» What to do: What you return must match the listing below exactly, minus any pictures.

Given material Block Start

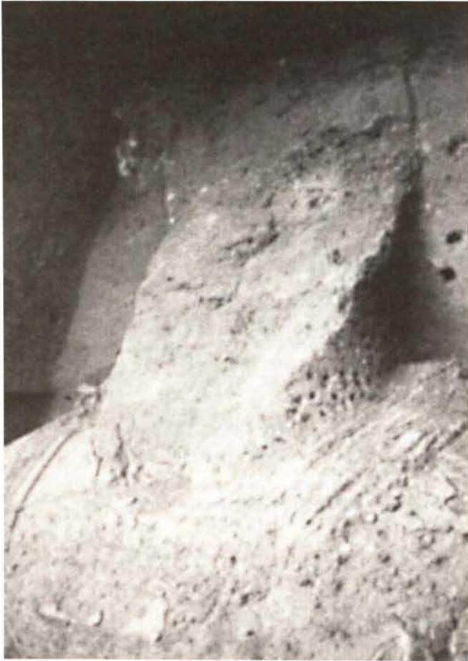
The blown-off head of the Small Buddha (photo 1999)

Efforts to enlist the help of foreign governments to prevent the importation of stolen artefacts have been hampered because Afghanistan is not a signatory either to UNESCO's 1954 convention and protocols on the protection of cultural property during war, or its 1970 convention concerning illicit trade in objects of cultural heritage. As such other states-parties are not obliged to help recover property that has been stolen and spir-
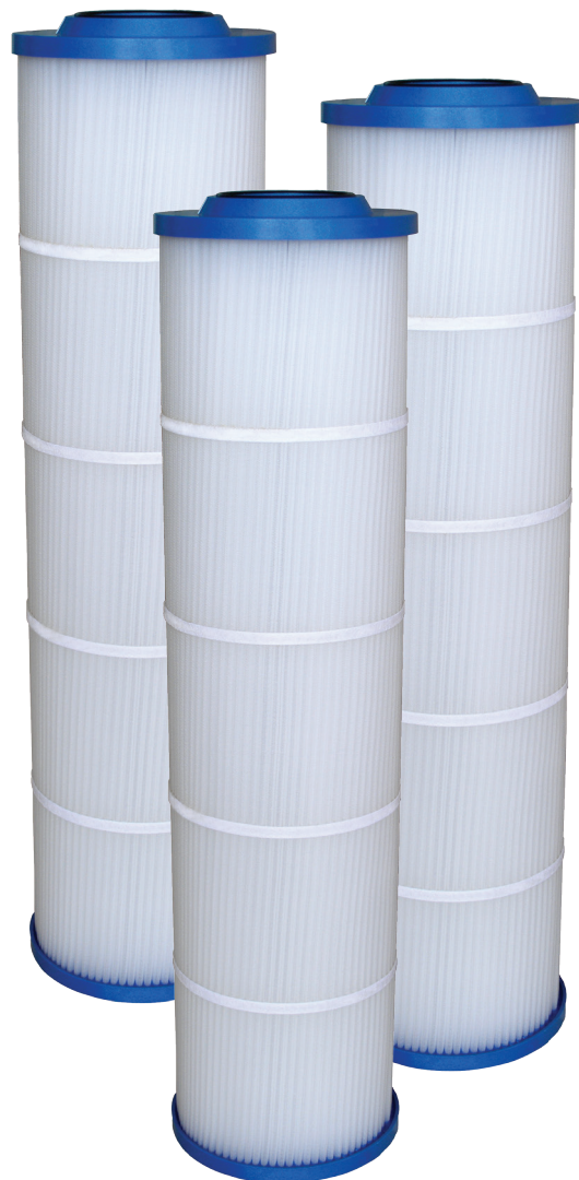
Performance Plus Poly-Mesh Cartridges
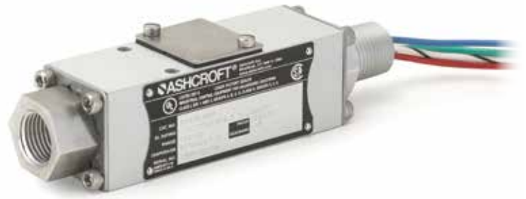
F-Series Explosion-Proof Enclosure

Given material Block End

» Response for this exercise:
The blown-off head of the Small Buddha (photo 1999)

Efforts to enlist the help of foreign governments to prevent the importation of stolen artefacts have been hampered because Afghanistan is not a signatory either to UNESCO's 1954 convention and protocols on the protection of cultural property during war, or its 1970 convention concerning illicit trade in objects of cultural heritage. As such other states-parties are not obliged to help recover property that has been stolen and spir-
Performance Plus Poly-Mesh Cartridges
F-Series Explosion-Proof Enclosure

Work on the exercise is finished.